BEGIN DATA TO USE

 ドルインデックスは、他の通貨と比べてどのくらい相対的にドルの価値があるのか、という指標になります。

END DATA TO USE
BEGIN DATA TO USE

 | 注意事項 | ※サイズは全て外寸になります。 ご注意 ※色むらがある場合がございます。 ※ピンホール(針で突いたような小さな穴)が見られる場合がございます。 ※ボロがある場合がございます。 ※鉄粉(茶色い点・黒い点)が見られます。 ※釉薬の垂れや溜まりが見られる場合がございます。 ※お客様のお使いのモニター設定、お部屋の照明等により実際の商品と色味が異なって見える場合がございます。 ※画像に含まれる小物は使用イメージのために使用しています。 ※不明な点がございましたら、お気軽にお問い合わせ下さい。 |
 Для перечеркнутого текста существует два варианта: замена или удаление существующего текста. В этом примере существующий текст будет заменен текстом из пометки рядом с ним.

END DATA TO USE
BEGIN DATA TO USE

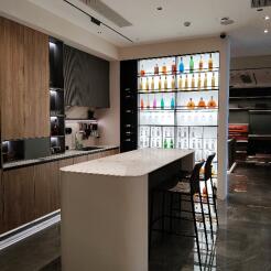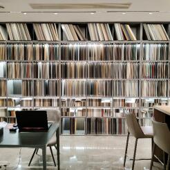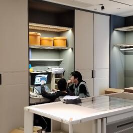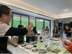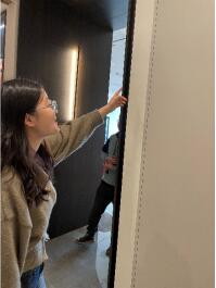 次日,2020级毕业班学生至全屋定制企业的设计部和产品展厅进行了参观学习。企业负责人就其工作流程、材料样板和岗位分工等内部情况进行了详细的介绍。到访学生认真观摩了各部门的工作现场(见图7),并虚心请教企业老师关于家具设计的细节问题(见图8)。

END DATA TO USE

> INSTRUCTIONS TO FOLLOW
Start with the line above that contains "注意事項 | ※サイズは全て外寸になります。" and stop after the line that contains "Для перечеркнутого текста". Output those lines exactly, and only those.

> EXERCISE SOLUTION
 | 注意事項 | ※サイズは全て外寸になります。 ご注意 ※色むらがある場合がございます。 ※ピンホール(針で突いたような小さな穴)が見られる場合がございます。 ※ボロがある場合がございます。 ※鉄粉(茶色い点・黒い点)が見られます。 ※釉薬の垂れや溜まりが見られる場合がございます。 ※お客様のお使いのモニター設定、お部屋の照明等により実際の商品と色味が異なって見える場合がございます。 ※画像に含まれる小物は使用イメージのために使用しています。 ※不明な点がございましたら、お気軽にお問い合わせ下さい。 |
 Для перечеркнутого текста существует два варианта: замена или удаление существующего текста. В этом примере существующий текст будет заменен текстом из пометки рядом с ним.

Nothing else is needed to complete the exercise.